JavaZone 2010 - Hadoop: Divide and Conquer Gigantic Datasets
Moore's law has finally hit the wall and CPU speeds have actually decreased in the last few years. The industry is reacting with hardware with an ever-growing number of cores and software that can leverage "grids" of distributed, often commodity, computing resources. But how is a traditional Java developer supposed to easily take advantage of this revolution? The answer is the Apache Hadoop family of projects. Hadoop is a suite of Open Source APIs at the forefront of this grid computing revolution and is considered the absolute gold standard for the divide-and-conquer model of distributed problem crunching. The well-travelled Apache Hadoop framework is curently being leveraged in production by prominent names such as Yahoo, IBM, Amazon, Adobe, AOL, Facebook and Hulu just to name a few.

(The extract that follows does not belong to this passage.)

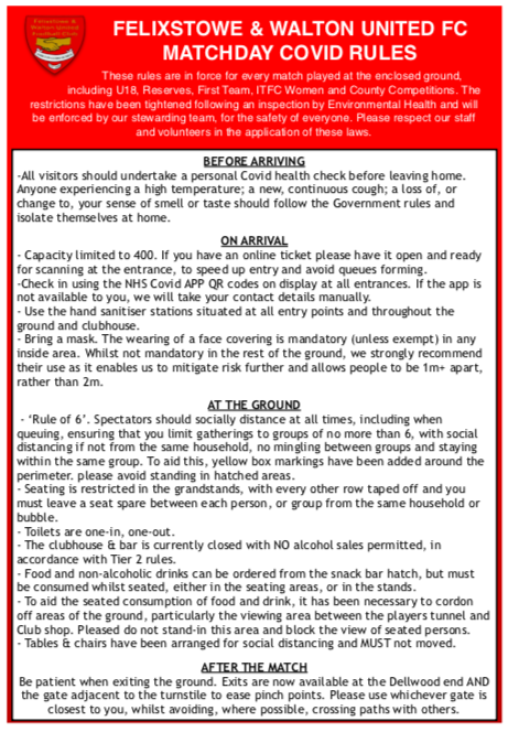 Please read this article for information on the club's Covid-19 plan for junior football and the FA guidelines.

In this session, you'll start by learning the vocabulary unique to the distributed computing space. Next, we'll discover how to shape a problem and processing to fit the Hadoop MapReduce framework. We'll then examine the incredible auto-replicating, redundant and self-healing HDFS filesystem. Finally, we'll fire up several Hadoop nodes and watch our calculation process get devoured live by our Hadoop cluster. At this talk's conclusion, you'll understand the suite of Hadoop tools and where each one fits in the aim of conquering large data sets.
Matthew J. McCullough
Matthew McCullough is an energetic 14 year veteran of enterprise software development, open source education, and co-founder of Ambient Ideas, LLC, a Denver consultancy. Matthew currently is a member of the JCP, reviewer for technology publishers including O'Reilly, author of the upcoming Presentation Patterns & Anti-Patterns book, multi-year speaker on the No Fluff Just Stuff tour, author of the DZone Maven, Git & Google App Engine RefCards, and President of the Denver Open Source Users Group.
His experience includes successful JEE, SOA, and Web Service implementations for real estate, finance and telecommunications firms in addition to publishing several open source libraries. Matthew jumps at opportunities to mentor and educate teams on how to leverage open source. His current topics of R&D are Cloud Computing, Service Integrations, Maven, Git, and Hadoop.
Matthew resides in Denver with his beautiful wife and 1.5 year old daughter, who are active in nearly every outdoor activity Colorado offers.